WHAT YOU SHOULD DO – Under this line is a listing; return exactly the lines starting at the one with "Apartament elegant chiar" and running down to the one with "Эта утеплённая куртка", and leave out its pictures.

RECORDS FOR THIS EXERCISE –
=== Begin Enclosure ===
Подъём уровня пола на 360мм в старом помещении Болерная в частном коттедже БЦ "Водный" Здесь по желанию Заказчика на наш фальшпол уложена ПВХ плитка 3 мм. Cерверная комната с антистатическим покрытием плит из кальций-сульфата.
=== End Enclosure ===
=== Begin Enclosure ===
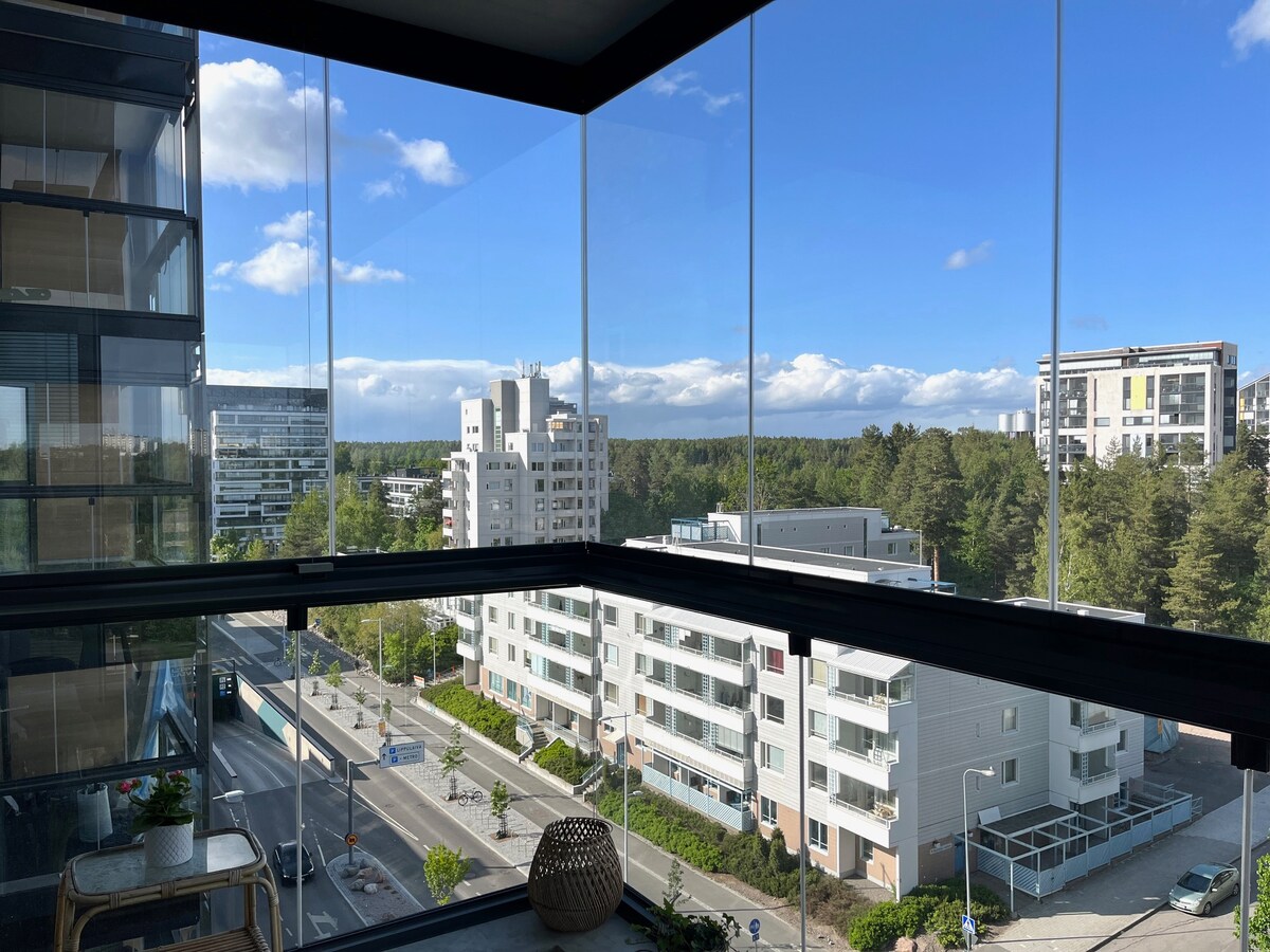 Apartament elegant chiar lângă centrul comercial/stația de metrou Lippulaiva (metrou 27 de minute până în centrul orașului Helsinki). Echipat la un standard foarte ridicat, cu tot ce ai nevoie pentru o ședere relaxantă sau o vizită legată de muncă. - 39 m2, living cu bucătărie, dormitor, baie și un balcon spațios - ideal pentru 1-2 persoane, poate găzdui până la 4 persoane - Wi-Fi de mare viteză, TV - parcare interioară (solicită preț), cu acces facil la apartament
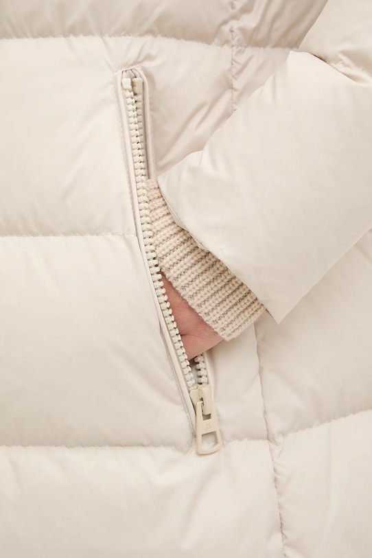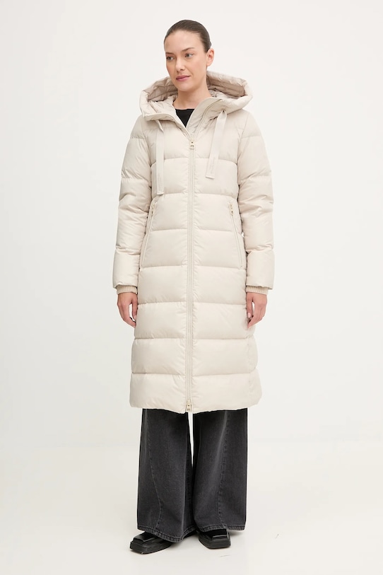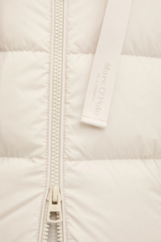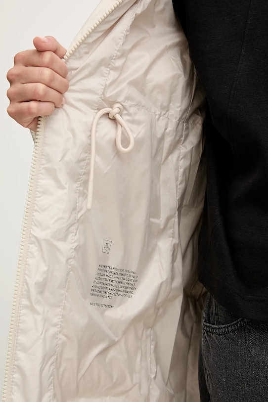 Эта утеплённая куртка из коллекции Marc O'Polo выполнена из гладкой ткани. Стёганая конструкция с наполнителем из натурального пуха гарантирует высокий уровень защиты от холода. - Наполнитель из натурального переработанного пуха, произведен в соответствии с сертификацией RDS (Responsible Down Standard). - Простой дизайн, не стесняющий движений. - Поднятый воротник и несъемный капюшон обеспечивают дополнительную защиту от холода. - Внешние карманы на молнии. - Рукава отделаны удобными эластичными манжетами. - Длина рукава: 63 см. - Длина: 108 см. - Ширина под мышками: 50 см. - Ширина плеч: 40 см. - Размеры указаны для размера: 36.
=== End Enclosure ===
EXERCISE RESPONSE –
 Apartament elegant chiar lângă centrul comercial/stația de metrou Lippulaiva (metrou 27 de minute până în centrul orașului Helsinki). Echipat la un standard foarte ridicat, cu tot ce ai nevoie pentru o ședere relaxantă sau o vizită legată de muncă. - 39 m2, living cu bucătărie, dormitor, baie și un balcon spațios - ideal pentru 1-2 persoane, poate găzdui până la 4 persoane - Wi-Fi de mare viteză, TV - parcare interioară (solicită preț), cu acces facil la apartament
 Эта утеплённая куртка из коллекции Marc O'Polo выполнена из гладкой ткани. Стёганая конструкция с наполнителем из натурального пуха гарантирует высокий уровень защиты от холода. - Наполнитель из натурального переработанного пуха, произведен в соответствии с сертификацией RDS (Responsible Down Standard). - Простой дизайн, не стесняющий движений. - Поднятый воротник и несъемный капюшон обеспечивают дополнительную защиту от холода. - Внешние карманы на молнии. - Рукава отделаны удобными эластичными манжетами. - Длина рукава: 63 см. - Длина: 108 см. - Ширина под мышками: 50 см. - Ширина плеч: 40 см. - Размеры указаны для размера: 36.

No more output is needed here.